*Source data*
● ● ●
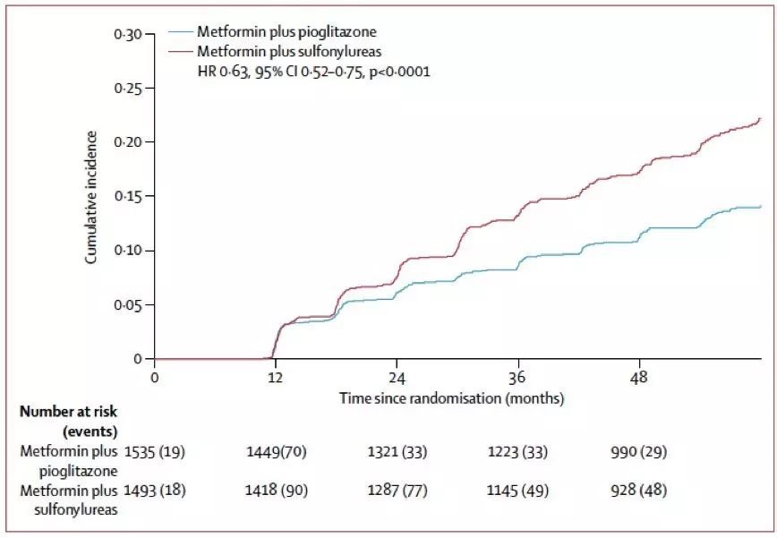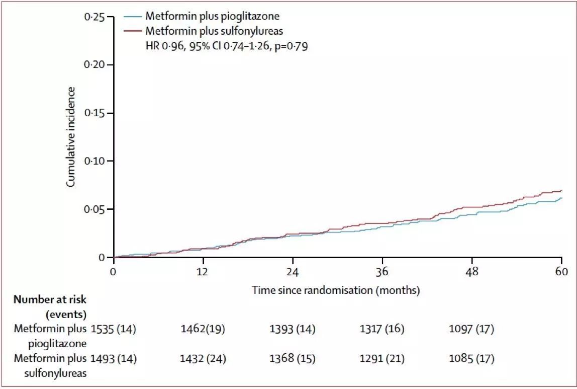 研究選取50-75歲二甲雙胍單藥控制不佳的2型糖尿病患者共3028名,平均HbA1c7.7%左右,在繼續(xù)應(yīng)用二甲雙胍的基礎(chǔ)上1:1分配至2組:吡格列酮組(15-45 mg)和磺脲類組(格列本脲5-15 mg,占2%;格列美脲2-6 mg,占48%;格列齊特30-120 mg,占50%),并進(jìn)行了平均近5年的隨訪。在隨訪中,由于受到“吡格列酮增加膀胱癌”事件風(fēng)波的影響,前組的停藥率明顯高于后組(28.1% Vs 15.9%)。
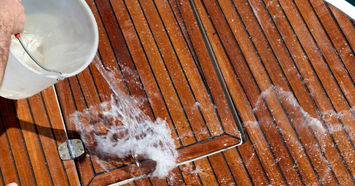 Når du har fjernet støv og skidt, skal du nu til at rengøre dækket med enten mild sæbe blandet i vand eller med et rengøringsmiddel lavet særligt til bådrens. Du skal påføre din sæbeblanding med en børste eller en svamp og sørge for, at du kommer i alle kroge og hjørner.
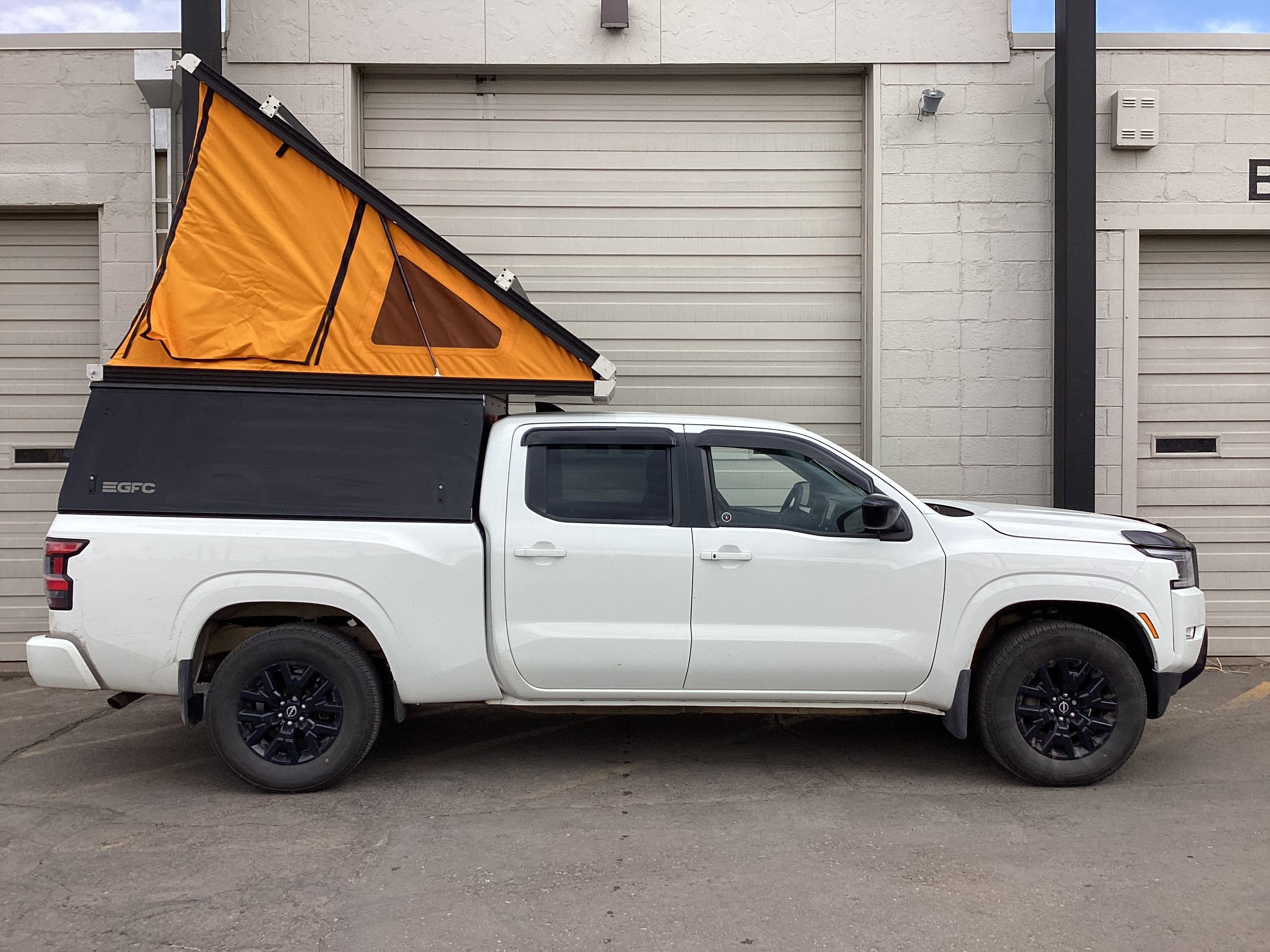 This 2023 Nissan Frontier is outfitted with a GFC Platform Camper with Black panels. Check out more build specs below.
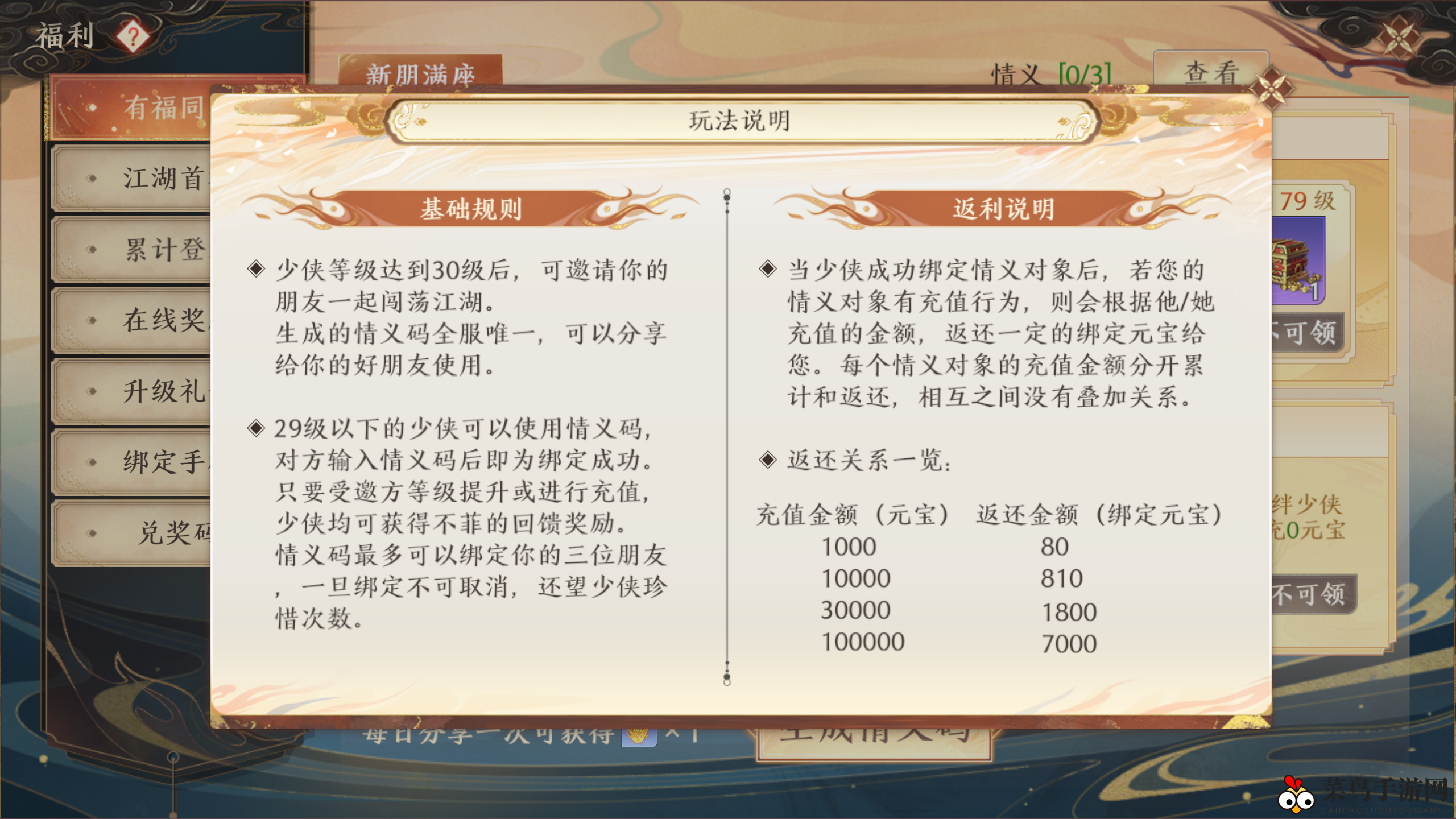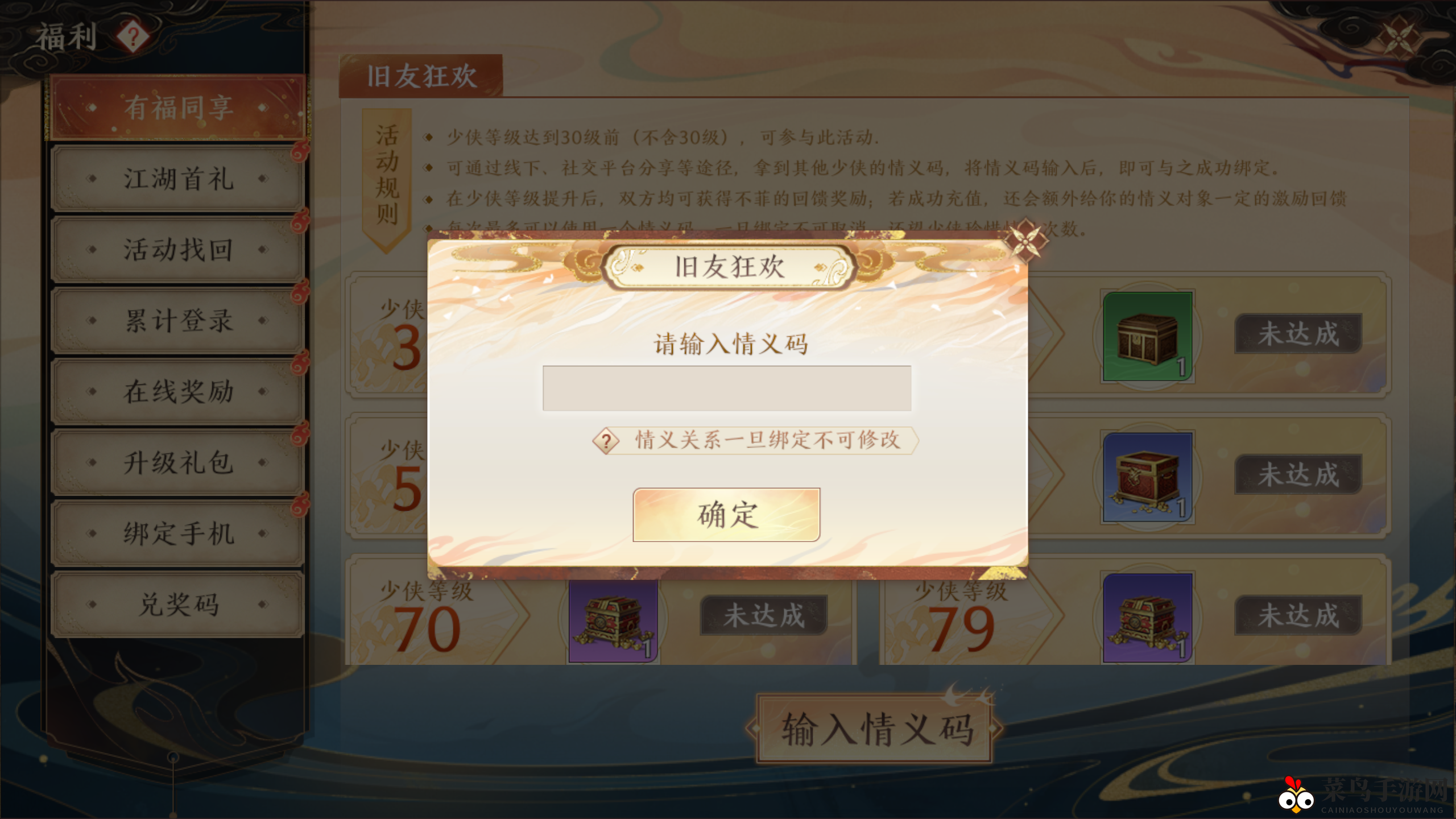 29级以下的侠士们,情义码是你们的特权礼物。好友输入情义码,绑定一触即成,操作简单。
● ● ●
*Problem*
When copying the listing above, begin at its first line and stop after the line with "Når du har fjernet", keeping each line exact and dropping the pictures.

*Written response*
 研究選取50-75歲二甲雙胍單藥控制不佳的2型糖尿病患者共3028名,平均HbA1c7.7%左右,在繼續(xù)應(yīng)用二甲雙胍的基礎(chǔ)上1:1分配至2組:吡格列酮組(15-45 mg)和磺脲類組(格列本脲5-15 mg,占2%;格列美脲2-6 mg,占48%;格列齊特30-120 mg,占50%),并進(jìn)行了平均近5年的隨訪。在隨訪中,由于受到“吡格列酮增加膀胱癌”事件風(fēng)波的影響,前組的停藥率明顯高于后組(28.1% Vs 15.9%)。
 Når du har fjernet støv og skidt, skal du nu til at rengøre dækket med enten mild sæbe blandet i vand eller med et rengøringsmiddel lavet særligt til bådrens. Du skal påføre din sæbeblanding med en børste eller en svamp og sørge for, at du kommer i alle kroge og hjørner.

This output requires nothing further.